The other way in which the film has tried to distinguish itself from the herd is through its self-awareness. With lines that establish the superiority of “alpha men” and reduce women to objects of male violence defined by their capacity to carry healthy babies, Animal is not only aware of its transgressions of the moral codes of our enlightened (some would say “woke”) times, it is constantly, gleefully drawing attention to this. It is the filmmaking equivalent of the bombastic declaration: “I’m not here to make friends”.
There is a history here, familiar to those who followed the polarising reactions to the filmmaker’s last, Kabir Singh (2019), a remake of his Telugu debut Arjun Reddy (2017). The arguments — both for and against. Just like back then, this time too critics have, correctly, picked on the film’s troubling, misogynistic world view and celebration of violence as major weaknesses, while the opposing side — the so-called “Vanga stans” — have used precisely these things to shore up their belief that the film depicts a singular directorial vision rooted in the realities of love and life.
Sadly, Vanga is no genius and Animal is no masterpiece. In fact, in focusing exclusively on the performance of violence without adequately explaining how any man can reach such levels of psychopathy as to slaughter hundreds and feel no remorse, he outs himself as being ill-equipped to tell this story. In the hands of filmmakers like Quentin Tarantino, David Fincher and, closer home, Ram Gopal Varma and Anurag Kashyap, violence is a tool, used to tell stories of greed, grief and fear — in Animal, it is the whole story. It makes one wonder what proportion of the reactions hailing the film and the director rests on pre-release hype.

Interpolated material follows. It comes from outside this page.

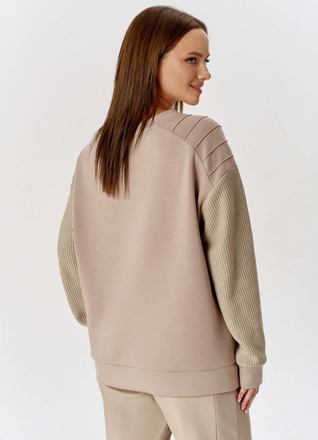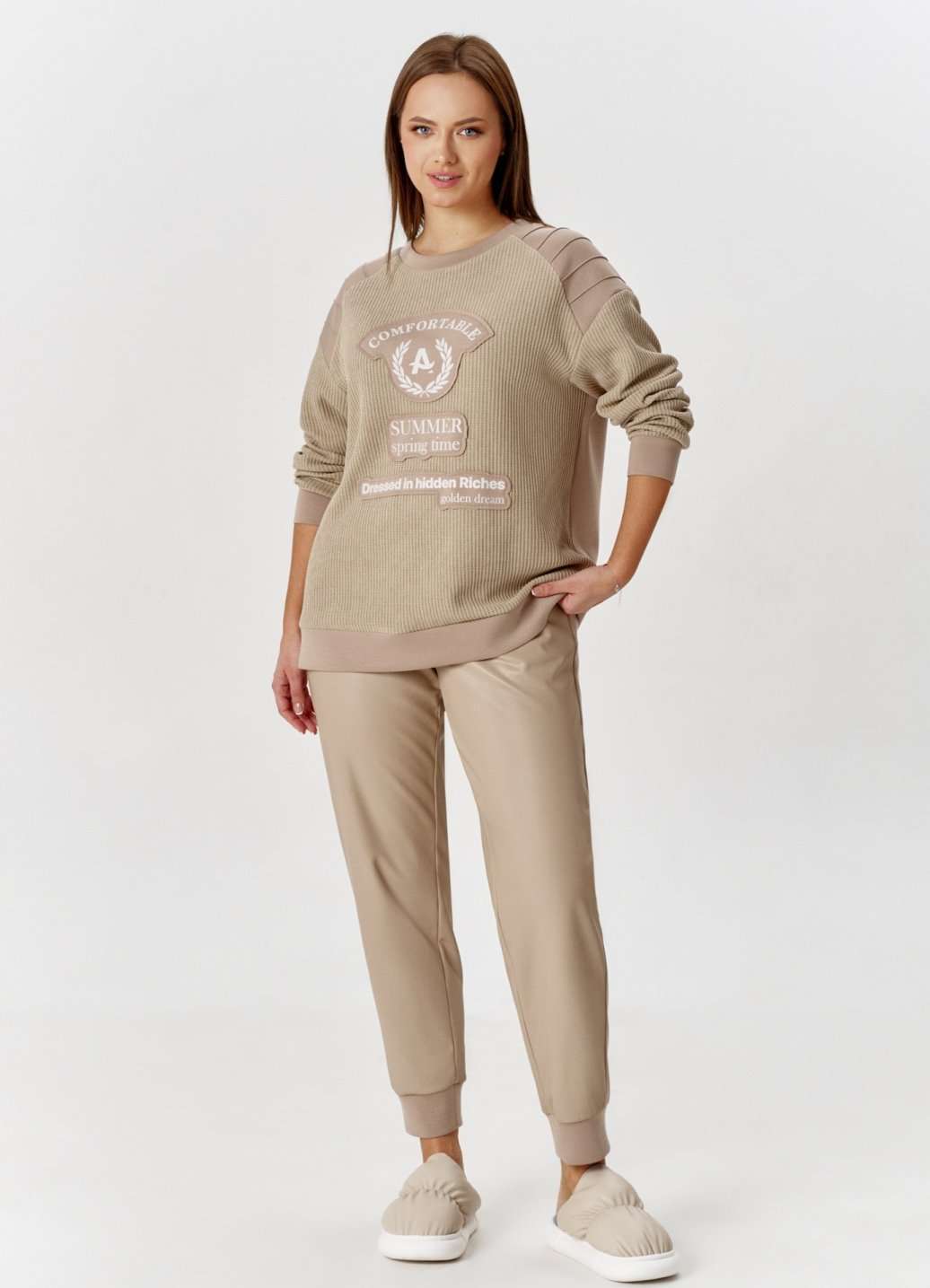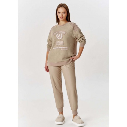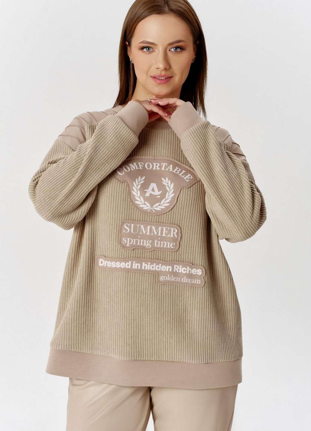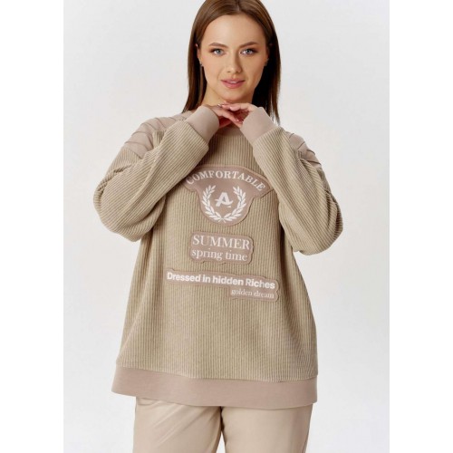 Свитшот с эффектной комбинацией двух видов трикотажа: вязка и гладкий, свободного силуэта, с круглой горловиной. Рукав длинный, с притачной манжетой. По линии плеча отрезные кокетки с защипами. На переде изделия аппликация с необработанными срезами с авторским шрифтовым принтом.

Animal takes the age-old, but still promising premise of a man’s daddy issues and squanders it with poorly realised characters and an unwarranted faith in the filmmaker’s ability to provoke. This timidity is, in fact, the most disappointing thing about Animal — after promising to provoke, it cannot even bring itself to commit to that. Its attitude to sex is juvenile and the scenes that supposedly prove the protagonist’s virility are ridiculously tame. The gore is aestheticised and even the admittedly loathsome scene where Rannvijay asks a woman to prove her love by licking his boots cannot bring itself to go to the only end possible in a film that supposedly shows a man’s descent into bestiality. Because that would require artistic honesty to admit that this is not the “toxic love story” of a boy and his father, but a cautionary tale about what living in a “man’s world” does to men.